These are the reports for the tensorflow session execution part. Then I think I have also found the function that allocates the buffers for the TF outputs and operations.

danielwinterbottom commented 1 year ago

Do the above checks indicate that deepTau is not the causing the memory issues? The reason I ask is that when we looked into this previously we determined that the exception message 'invalid prediction = nan for tau_index = 0, pred_index = 0' occurs when their is excessive memory usage causing Tenorflow to return a nan values, but we never confirmed that the deepTau modules were responsible for the excessive memory usage in the first place. Is it possible that some other module(s) are responsible and the exception message is a red herring as the deepTau module tends to be the first one to crash when there are memory issues? Is it possible to check the memory usage of all other modules to confirm this?

valsdav commented 1 year ago

I ran the igprof on the MiniAOD job linked above, including all the modules. I'm now trying to separate the memory allocation for the TF graph of each producer. I will post an update asap.


Putting here the commands I used to get the sqlite profiles (for experts to verify):

igprof -mp -z -o mem.gz -t cmsRunGlibC cmsRunGlibC PSet.py >  mem.out
igprof-analyse --value peak -r MEM_LIVE -s -v -d --gdb mem.gz | sqlite3 memPeak.sql3
igprof-analyse -r MEM_TOTAL -s -v -d --gdb mem.gz | sqlite3 memTOTAL.sql3
igprof-analyse -r MEM_MAX -s -v -d --gdb mem.gz | sqlite3 memMAX.sql3
valsdav commented 1 year ago

Adding the MEM_TOTAL profile for all the producers

image

valsdav commented 1 year ago

Do the above checks indicate that deepTau is not the causing the memory issues? The reason I ask is that when we looked into this previously we determined that the exception message 'invalid prediction = nan for tau_index = 0, pred_index = 0' occurs when their is excessive memory usage causing Tenorflow to return a nan values, but we never confirmed that the deepTau modules were responsible for the excessive memory usage in the first place. Is it possible that some other module(s) are responsible and the exception message is a red herring as the deepTau module tends to be the first one to crash when there are memory issues? Is it possible to check the memory usage of all other modules to confirm this?

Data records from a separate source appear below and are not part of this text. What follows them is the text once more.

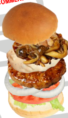
TERIYAKI バーガー (テリヤキパティ & キノコソース & タルタルソース)

Teriyaki Hamburger (Patty w/ Teriyaki Sauce & Mushrooms & Tartar Sauce)
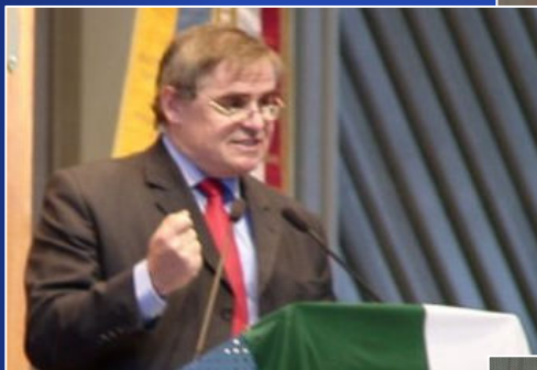
Ministerpräsident Peter Müller hob vor allem die „Wertegemeinschaft für Freiheit und Frieden“ hervor.
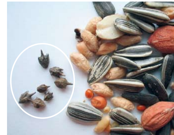
Ambrosia-Samen im Vogelfutter

Nach bisherigen Erkenntnissen wird Ambrosia überwiegend mit landwirtschaftlichen Produkten wie z.B. Vogelfutter nach Deutschland eingeschleppt. Mit Vogelfutter gelangt die Art häufig in Gärten oder auf Felder wie z.B. auf Schnittblumenfelder, von wo aus sie sich weiter ausbreiten kann. Häufig werden Ambrosia-Samen mit Erdmaterial oder anhaftend an Bau- und Landmaschinen bzw. PKW an neue Standorte verschleppt.
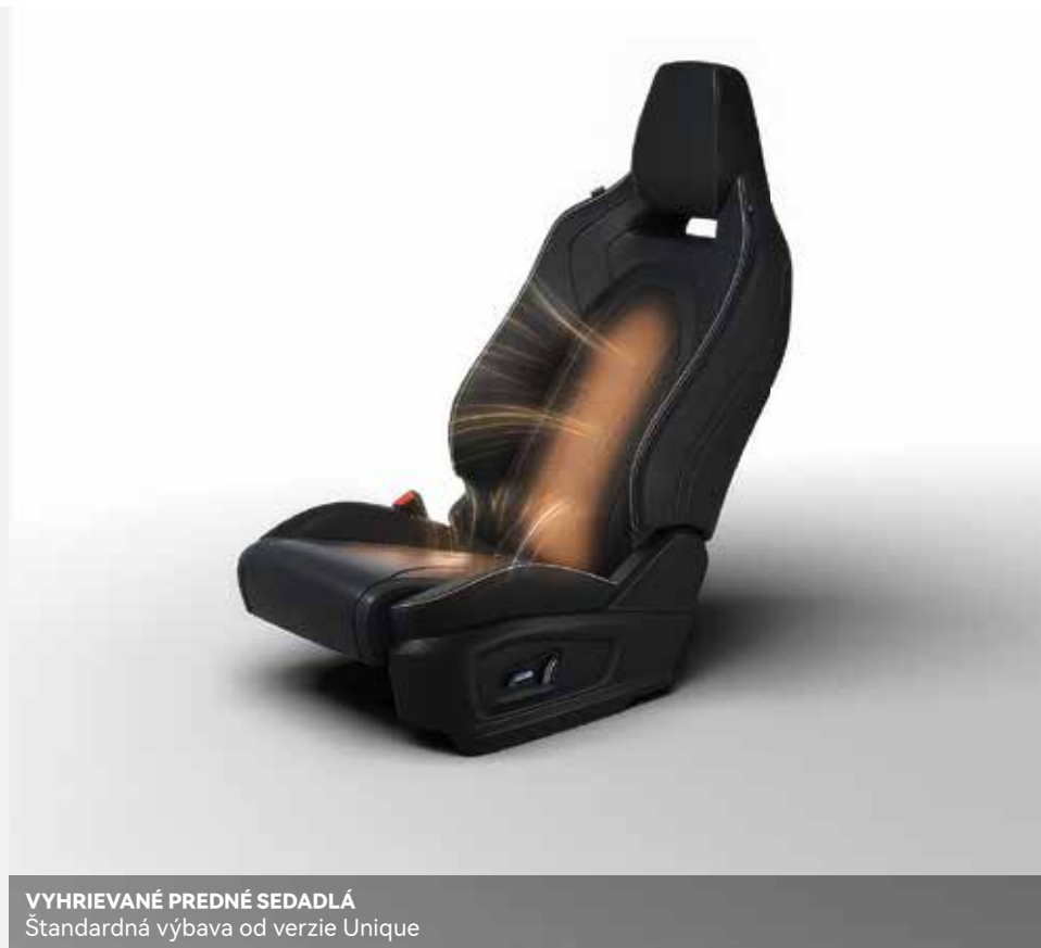
VYHRIEVANÉ PREDNÉ SEDADLÁ Štandardná výbava od verzie Unique
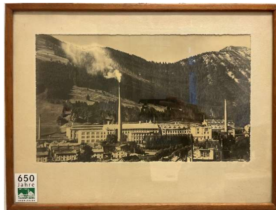
Das Werksgelände Mitte des 20. Jahrhunderts

Als Folge einiger Eigentümerwechsel und eines Großbrandes im Jahr 1979 wurde das Werk modernisiert und ausgebaut. Die Produktion erfuhr genau wie die Vertriebswege eine Umstrukturierung. Das Unternehmen entwickelte sich von einem Lieferanten für Händler und Endverbraucher zu einem Verpackungsmittelfachhändler und Weiterverarbeiter.
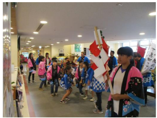
子供神輿も元気一杯です

十月になると各地で秋祭りが行われますが、善通寺市では古くから獅子舞が盛んで、今年も多くの獅子組が当院に來られました。子供たちが太鼓や鐘で音を奏でると、それに合わせて獅子が舞い、見ていた患者様やスタッフを楽しませてくれました。
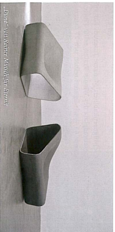
„Dune“ von Ramer Mutschler Eernit
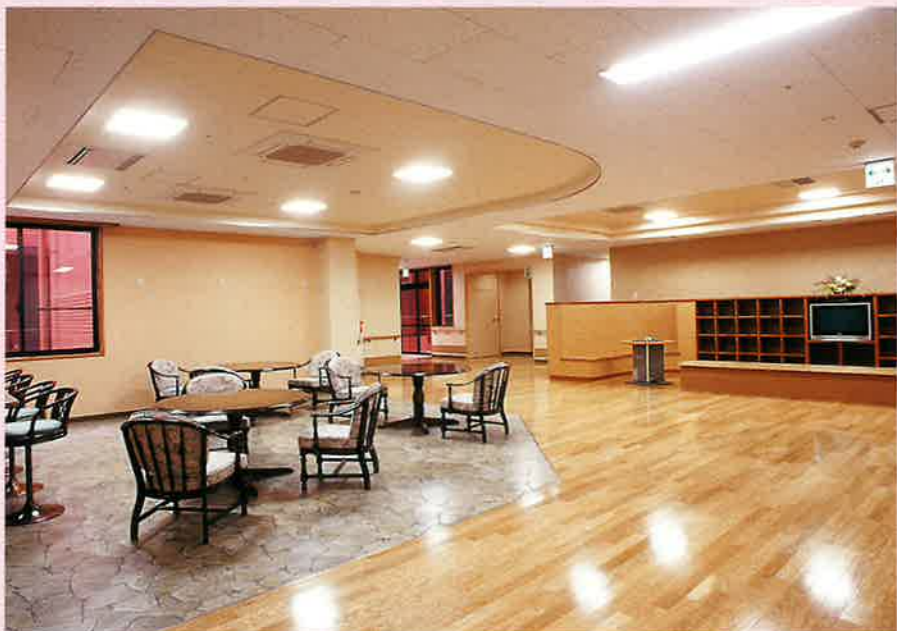
●喫茶&談話コーナー

ゆったりとした空間の中に落ち着いた雰囲気 の喫茶・談話コーナーです。仲間同士や家族 とのふれあいスペースとなっております。
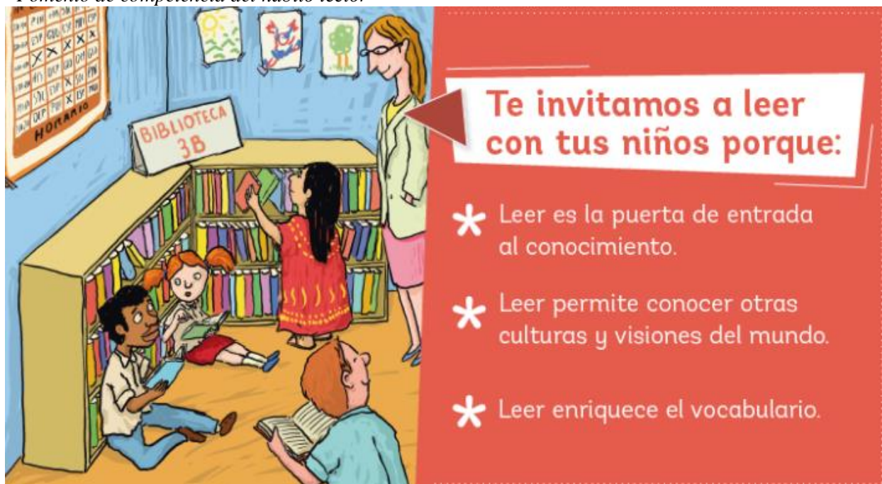
Figura 5 “Fomento de competencia del hábito lector”

If we follow this reasoning, and if we make the hypothesis that DeepMET is having a large memory footprint, we may have an explanation for that. In the DeepMET producer in 12_4_X the TF session is created in each constructor for each thread. (see here ) This increases the memory consumption since the TF Graph (in the global cache), needs to be copied in each session.

We solved this issue in this PR in December 2022 https://github.com/cms-sw/cmssw/pull/40284, but this entered only 13_X.

I'm backporting those changes to test if they improve the memory pressure.. It may not be the solution of the problem, but this can alleviate the issue.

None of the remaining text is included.